Probably change box fill calcs for all that extra pigatil.....:whistling


----------



## tjbnwi (Feb 24, 2009)

MTN REMODEL LLC said:


> Probably change box fill calcs for all that extra pigatil.....:whistling


If the conductor does not leave the box it is not counted. 314.16(B)(1)

Tom


----------



## MTN REMODEL LLC (Sep 3, 2010)

tjbnwi said:


> If the conductor does not leave the box it is not counted. 314.16(B)(1)
> 
> Tom


Just sayin/guessing.... NEC will fijnd some need to probably CHANGE it



(Edit: Come to think of it, there is no max length to your leeds in the box is there?)(Maybe we'll have to start counting wirenuts LOL)


----------



## tjbnwi (Feb 24, 2009)

MTN REMODEL LLC said:


> Just sayin/guessing.... NEC will fijnd some need to probably CHANGE it
> 
> 
> 
> (Edit: Come to think of it, there is no max length to your leeds in the box is there?)(Maybe we'll have to start counting wirenuts LOL)

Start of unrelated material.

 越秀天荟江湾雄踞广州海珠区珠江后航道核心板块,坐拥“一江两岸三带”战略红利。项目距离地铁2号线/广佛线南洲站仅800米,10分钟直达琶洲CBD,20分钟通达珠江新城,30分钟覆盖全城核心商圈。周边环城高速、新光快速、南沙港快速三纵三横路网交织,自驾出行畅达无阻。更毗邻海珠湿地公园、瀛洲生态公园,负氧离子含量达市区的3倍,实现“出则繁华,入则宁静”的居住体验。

 A loop gets counted twice under 314.16 (B)(1), once you hit the box volume, I guees that would be the max. 

Tom


----------



## BThomas (Apr 21, 2013)

I was taught to always pigtail a long time ago. The reason is that a device failure will not break the connection to following devices.
Bill T


----------



## jlsconstruction (Apr 26, 2011)

BThomas said:


> I was taught to always pigtail a long time ago. The reason is that a device failure will not break the connection to following devices.
> Bill T


That's what my sparky said too


----------



## MTN REMODEL LLC (Sep 3, 2010)

BThomas said:


> I was taught to always pigtail a long time ago. The reason is that a device failure will not break the connection to following devices.
> Bill T


Yes... I suppose that is a true statement.... but I would ask first, how often do you see a "device/receptical" failure (assuming you're not back stabbing..... and two, how difficult is that to find...

AND any unecessary splice is always a weak point.... and often difficult to find.

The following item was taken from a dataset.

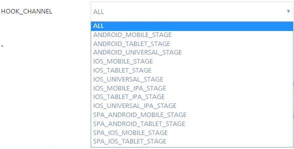 Parameter Description HOOK_NAME Specifies the name that is displayed in the respective hook point. HOOK_CHANNEL Specifies the channel on which you want to run your Custom Hook. This includes both Native and SPA channels.The Hook Channel parameter is set to ALL by default.

I don't believe in extra splices and mostly always use the recepticle.... but I'm a GC.

I'll be interested if some of our sparkies extend their experience/expertise/opinion.

Best


----------



## tjbnwi (Feb 24, 2009)

Pigtails for 30 years. To the best of my knowledge not a single failure. I have seen a few device failures, all but 1 was a back stab failure. The other the recpticale just fell apart.

Tom


----------



## rselectric1 (Sep 20, 2009)

MTN REMODEL LLC said:


> how often do you see a "device/receptical" failure


All the time. It isn't nearly as much as back stab failures (which is #1) but old receptacles tend to get brittle and break, get abused, etc.


----------



## MTN REMODEL LLC (Sep 3, 2010)

tjbnwi said:


> Pigtails for 30 years. To the best of my knowledge not a single failure. I have seen a few device failures, all but 1 was a back stab failure. The other the recpticale just fell apart.
> 
> Tom


My opinion stands corrected by your experience.

(Still am somewhat skeptical... not by your experience/opinion, just still seems a splice is not as reliuable as a device pass-thru made up tight on the recep?)

(I guess I've never encountered a device/recep failure that wasn't burned crisp and identifiable from a plug in short, also I've seen several bad back stab arcing/bad contact..... and pretty many loosey, untight wire splices when they get pushed back in the box.)

Made up correctly, I do have confidence in a wirenut connection... guess I just think it is a very likely place to be made up not tight and be a more difficult problem to locate (neutral or hot).

But I do respect your experience/specialized pro opinion

Best

Best


----------



## MTN REMODEL LLC (Sep 3, 2010)

rselectric1 said:


> All the time. It isn't nearly as much as back stab failures (which is #1) but old receptacles tend to get brittle and break, get abused, etc.


RS..... My opinion stands corrected by your opinion/ pro experience also.

(Just seems I too see plenty of beaten up receps, usually blattently obvious, and not usually/often affecting their pass-thru (just the plug-in contacks).

You Sparkies will soon convince my opinion differently....

Thanks


----------



## tjbnwi (Feb 24, 2009)

I have replaced receptacles that are face shorted. I don't consider that a device failure. Something else caused the issue.

Tom


----------